The Orion capsule will now whip around the Moon, setting the crew up to travel farther from our home planet than any human before.
The astronauts entered what NASA calls the lunar sphere of influence about 0442 GMT Monday and will soon record the first lunar flyby since 1972.
As they entered the Moon's gravitational influence, the crew was about 39,000 miles (63,000 kilometers) from the Moon and about 232,000 miles from Earth, a NASA official said on the agency's livestream of the event.
The historic occasion comes alongside a constellation of firsts for the crew of three Americans and one Canadian. Victor Glover will go down in the books as the first person of color to ever fly around the Moon, and Christina Koch will be the first woman.
Canadian Jeremy Hansen, meanwhile, will become the first non-American to accomplish the feat.
Those three, along with mission commander Reid Wiseman, will spend much of their lunar flyby documenting the Moon.
- 'Far side of the Moon' -
The astronauts have already started seeing features of the celestial body never before viewed with a naked human eye.
In the wee hours of Sunday, NASA published an image taken by the Artemis crew that showed a distant Moon with the Orientale basin visible.
"This mission marks the first time the entire basin has been seen with human eyes," the US space agency said.
The massive crater, which resembles a bullseye, had been photographed before by orbiting cameras.
Koch, speaking to Canadian children live from space, said the crew was most excited to see the basin -- sometimes known as the Moon's "Grand Canyon."
"It's very distinctive and no human eyes previously had seen this crater until today, really, when we were privileged enough to see it," Koch said during the question-and-answer session hosted by the Canadian Space Agency.
Near the end of their flyby, the astronauts will witness a solar eclipse, when the Sun will be behind the Moon and hidden from view aside from its outermost atmosphere, the solar corona.
The four astronauts will also spend some time testing their "Orion crew survival system" spacesuits.
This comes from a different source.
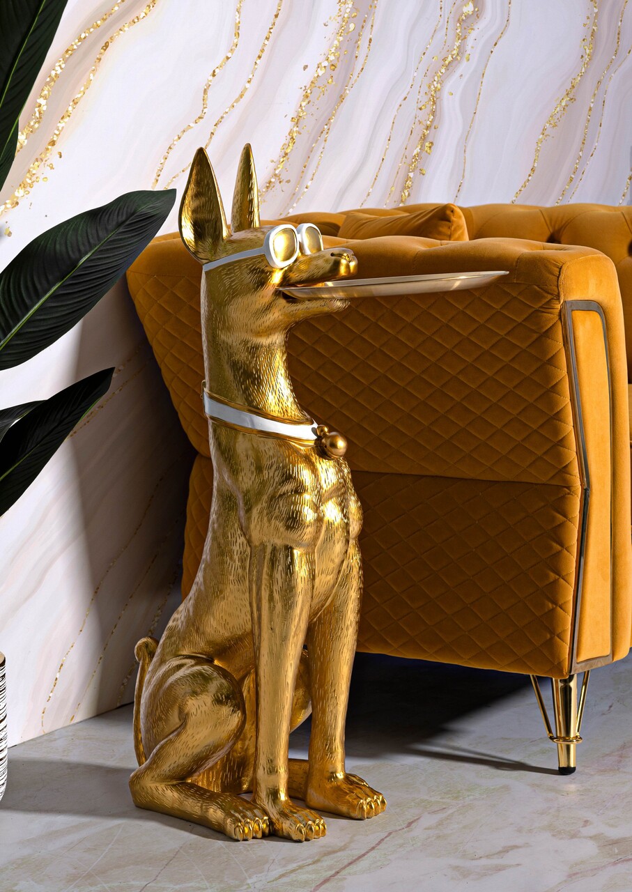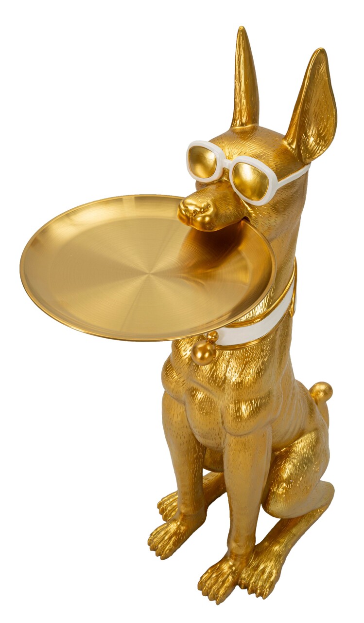 Statueta / figurina decorativa cu tava Dog Pit, Mauro Ferretti, 30x64x91 cm, polirasina/metal, auriu

The orange suits protect the crewmembers during launch and reentry, but are also available for emergency use -- they can provide up to six days of breathable air.
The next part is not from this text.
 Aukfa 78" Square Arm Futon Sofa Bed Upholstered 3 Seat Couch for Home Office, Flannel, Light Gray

The astronauts are the first to ever wear the OCSS suits in space, and will test their functions, including how quickly they can put them on and pressurize them.
While the four astronauts will not touch down on the lunar surface, they are expected to break the record for the farthest distance from Earth during their pass around the Moon.
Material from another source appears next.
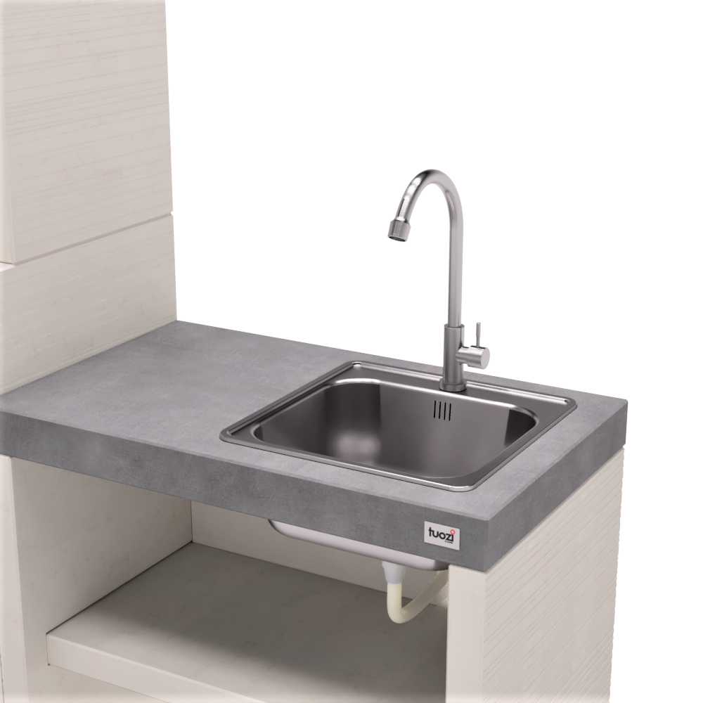 El PACK 17 – VENIT FLEX Barbecue combina la elegancia del diseño moderno con la funcionalidad de un barbacoa excepcional. Su estructura, fabricada en hormigón blanco y gris con piezas laterales texturizadas y una base en hormigón blanco liso, aporta un toque sofisticado a cualquier espacio exterior. El corazón de este pack es el robusto parrilla de acero pintado aluminizado, de 46,5 x 37 cm, ideal para preparar deliciosas comidas al aire libre. Completando la experiencia, incluye un práctico estante metálico de 54,5 x 45,5 cm y una cajón para recoger las cenizas, facilitando su limpieza y mantenimiento. Además, el pack incorpora un fregadero PLAN/VENIT 1 SINK/TAP, fabricado en hormigón blanco y gris con piezas laterales texturizadas y una base en hormigón blanco liso, complementado con un elegante fregadero de acero inoxidable. Este fregadero, compatible con la serie PLAN y VENIT, te permitirá tener a mano el agua para limpiar tus manos o utensilios durante la preparación de las comidas.

Over the next day, "they will be on the far side of the Moon, they will eclipse that record, and we're going to learn an awful lot about the spacecraft," NASA administrator Jared Isaacman said Sunday during a televised interview with CNN.
The information will be "pretty paramount to set up for subsequent missions like Artemis 3 in 2027 and, of course, the lunar landing itself on Artemis 4 in 2028," he added.
NASA said the Artemis crew has completed a manual piloting demonstration and reviewed their lunar flyby plan, including reviewing the surface features they must analyze and photograph during their time circling the Moon.
"We're focusing very much on the ecosystem, the life support system of the spacecraft," Isaacman told CNN.
"This is the first time astronauts have ever flown on this spacecraft before," he said. "That's what we're most interested in getting data from."